These tensions soon boiled over and civil war nearly tore the country apart as two other nobles, Psammuthes and Amenirdisu, rose up and opposed Inaros' efforts to crown himself pharaoh. Psammuthes was able to gain the trust of the people and the religious class and at the Battle of the Three Pharaohs he defeated the other two pretenders, ousting Inaros and killing Amenirdisu, establishing the 28th Dynasty.
Inaros did not cease in his efforts to gain the throne, however, and merely retreated to the Libyan deserts in order to gather support with promises of loot and conquest. In 457 BC Inaros launched his invasion, expecting a swift victory, yet he was disappointed. After several hard fought battles and little success, his Libyan troops mutinied and turned Inaros over to Psammuthes, who promptly had him executed. With this threat to his rule finished, Psammuthes turned to other issues more prominent.
After several years of civil war, Psammuthes had to take into account the rivaling interests of the Persians, Nubians, and Athenians, all of which wanted to exert their influence over the country one way or another. To help manage these demands, Psammuthes helped rebuild Egypt's relatively decrepit military and re-establish trade in order to lessen foreign economic domination. This military would be crucial in fending off the Nubian invasion in the year 419 BC during the reign of his grandson Hakor.

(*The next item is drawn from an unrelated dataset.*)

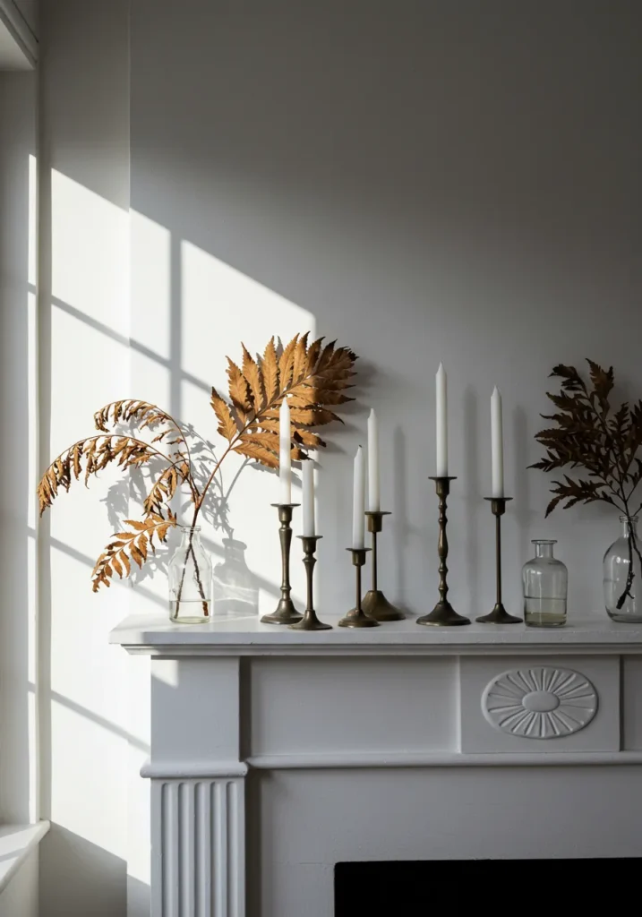 This mantel setup feels calm and elegant with its muted tones and natural textures. A mix of brass candlesticks, clear glass vases, and dried leaves catches the afternoon light beautifully, creating a soft, golden glow. The overall look is minimal yet full of character.

For much of the dynasty's history it had to balance the competing power balance amongst the Greek states as they battled for dominance over the Aegean Sea. Inaros obtained Egyptian independence thanks to Athenian aid, but Psammuthes and his successors were much more apathetic to Athenian interests, as they suspected the intent of the Athenians to colonize Egypt for themselves. Egypt was for the most part decidedly neutral in the struggles between Athens, Sparta, and Thebes over who would have hegemony over Greece, aligning itself only with any who would leave Egyptian independence well enough alone.
When Alexander the Great conquered Greece and marched into the Persian Empire, the 28th Dynasty hoped to take advantage of the distraction to invade the Levant and re-assert its authority over the region. This did not go unnoticed by Alexander, who promptly invaded the country following the conclusion to his campaigns in the east. Alexander defeated Psammuthes' descendent Nectebano at the Battle of Gaza in 324 BC, quickly sweeping aside any organized resistance and bringing Egypt into his Empire. Egyptian chronology remembers this next episode of foreign rule as the Twenty-Ninth Dynasty.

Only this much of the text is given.